Bug 130232

Summary: IDE subsystem causes infinite hotplug add/remove loop
Product: [Fedora] Fedora Reporter: David Zeuthen <davidz>
Component: kernelAssignee: Arjan van de Ven <arjanv>
Status: CLOSED WONTFIX QA Contact: Brian Brock <bbrock>
Severity: medium Docs Contact:
Priority: medium    
Version: rawhideCC: alan, kjw, mclasen, wtogami
Target Milestone: ---   
Target Release: ---   
Hardware: i686   
OS: Linux   
Whiteboard:
Fixed In Version: Doc Type: Bug Fix
Doc Text:
Story Points: ---
Clone Of: Environment:
Last Closed: 2004-11-16 23:09:18 UTC Type: ---
Regression: --- Mount Type: ---
Documentation: --- CRM:
Verified Versions: Category: ---
oVirt Team: --- RHEL 7.3 requirements from Atomic Host:
Cloudforms Team: --- Target Upstream Version:
Embargoed:
Attachments:
Description Flags
/var/log/messages logs none

Description David Zeuthen 2004-08-18 12:05:03 UTC
From Bugzilla Helper:
User-Agent: Mozilla/5.0 (X11; U; Linux i686; en-US; rv:1.7)
Gecko/20040706 Firefox/0.9.1

Description of problem:
The ide-cs driver may cause infinite hotplug add/remove loop if the
device files for the block devices it is managing are touched before
being mounted.
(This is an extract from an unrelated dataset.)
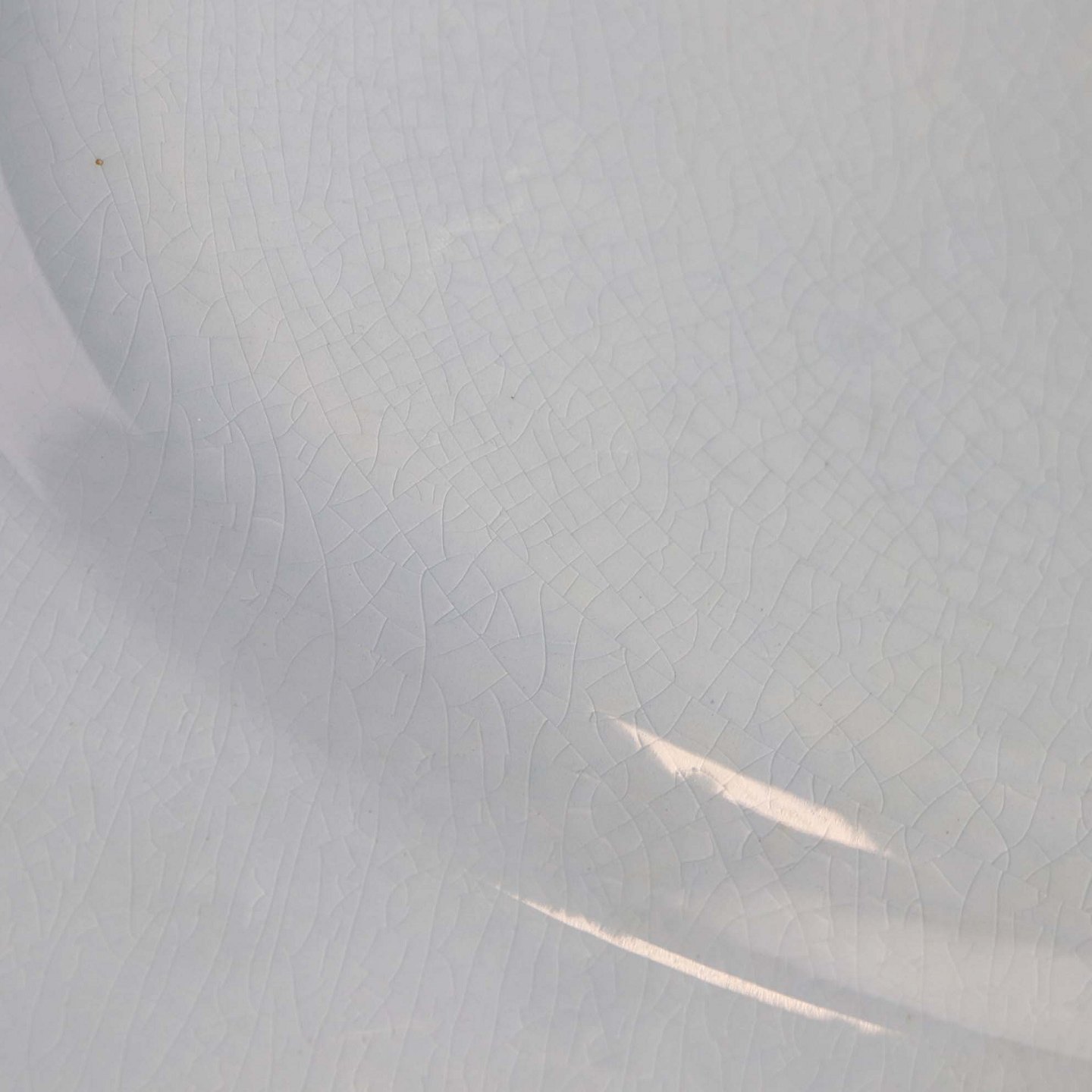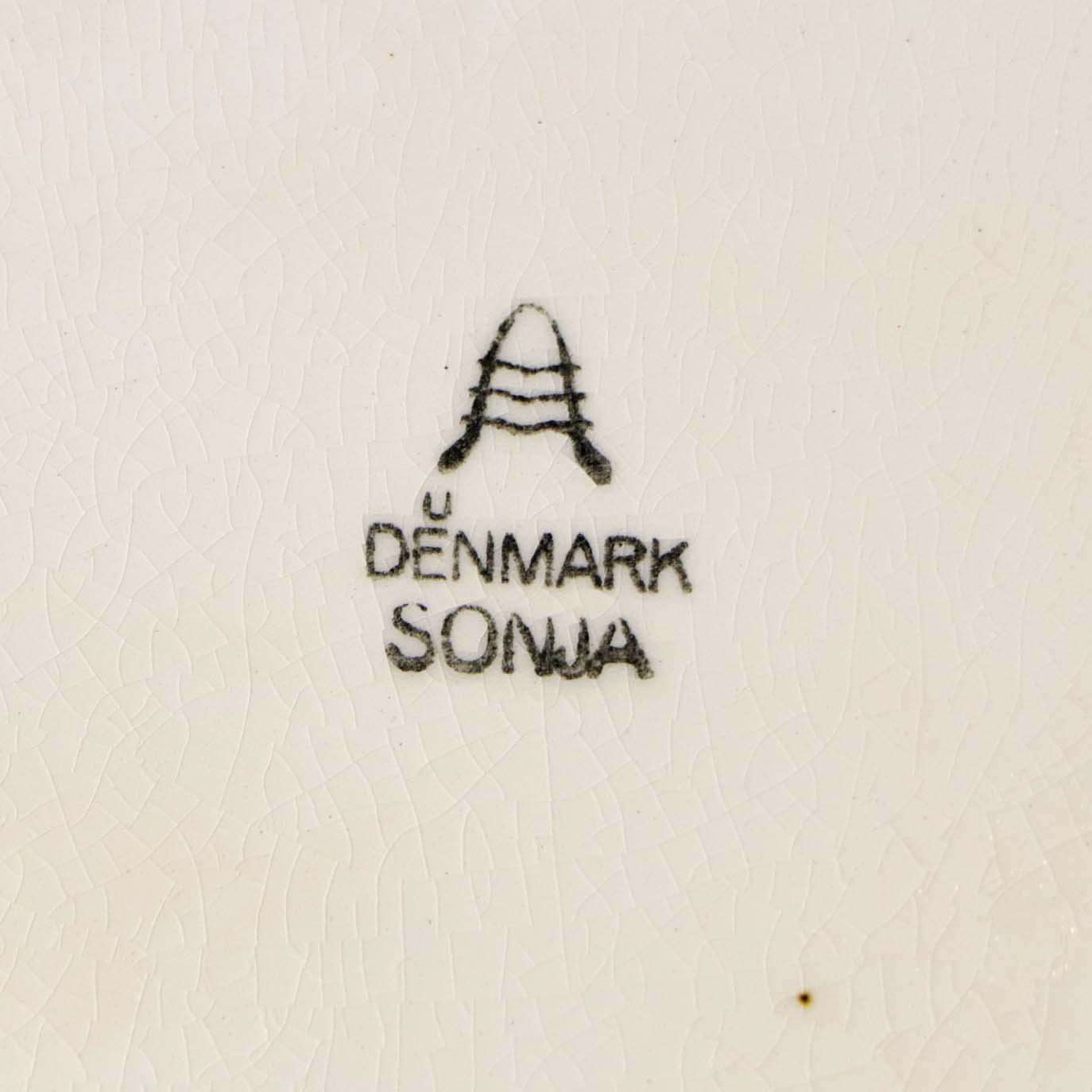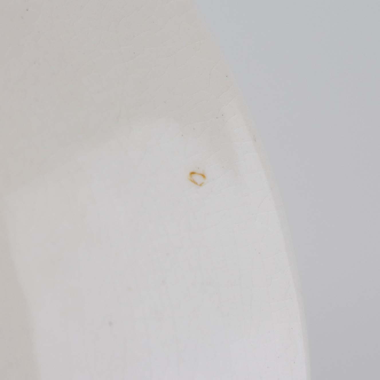 Fremstår med krakkeleringer i glasuren, uensartedhed i den hvide farve på bagsiden samt mindre brun plet.

Specifically, mount(1) reads from these device files to
determine the filesystem if the filesystem isn't explicitly given as
an option. Also, hal likes to probe for the filesystem to determine if
the media contains a filesystem without partition tables, specifically
this causes infinite loops (the current hal in rawhide detects whether
ide-cs is used and so avoids to cause this problem).

Notably, this doesn't happen if the compact flash media has no
partition tables (which may be rare, but it's not illegal). Also, this
bug also seems to affect ide-floppy with Zip drives, see
http://marc.theaimsgroup.com/?t=109239500600001&r=1&w=2 for details.


Version-Release number of selected component (if applicable):
kernel-2.6.7-1.517

How reproducible:
Always

Steps to Reproduce:
1. See attached document

Actual Results:  The ide-cs causes hotplug remove/add on the block
device representing a partition.

Expected Results:  The ide-cs driver shouldn't cause hotplug
remove/add on the block device representing a partition.

Additional info:

Another bug is that the place in sysfs for the PCMCIA (not Cardbus)
device is something like /sys/devices/ide2/... It would be nice to
include these patches which should be in 2.6-mm, and place the ide2 as
a child of the 16-bit PCMCIA devices (this is not happening today even
with these patches)

http://www.kernel.org/pub/linux/kernel/people/akpm/patches/2.6/2.6.7/2.6.7-mm7/broken-out/driver-model-and-sysfs-support-for-pcmcia-1-3.patch
http://www.kernel.org/pub/linux/kernel/people/akpm/patches/2.6/2.6.7/2.6.7-mm7/broken-out/update-drivers-net-pcmcia-2-3.patch
http://www.kernel.org/pub/linux/kernel/people/akpm/patches/2.6/2.6.7/2.6.7-mm7/broken-out/update-drivers-net-wireless-3-3.patch

He does a few things:

        - actually use the device model (struct device) with pcmcia
          devices
        - create sysfs entries for the device
        - generate hotplug events

The latter two patches create the network class device for PCMCIA
networking devices, since that is done manually for each device via a
macro.

Comment 1 David Zeuthen 2004-08-18 12:06:46 UTC
Created attachment 102836 [details]
/var/log/messages logs

This describes how to reproduce the bug

Comment 2 David Zeuthen 2004-08-18 12:11:38 UTC
Oh, '# touch /dev/hde1' just before the Oops should be '# remove
PCMCIA card reader'. Sorry about that.

Comment 3 Alan Cox 2004-08-18 12:28:29 UTC
IDE hotplug in current 2.6 is terminally broken. I've been working on
fixing it for about a week and its approaching the point of basic
stability. Even then it cannot fully support sysfs and making it
handle sysfs is a major job that would require full time engineering
resource and a lot of prior upstream discussion and design. 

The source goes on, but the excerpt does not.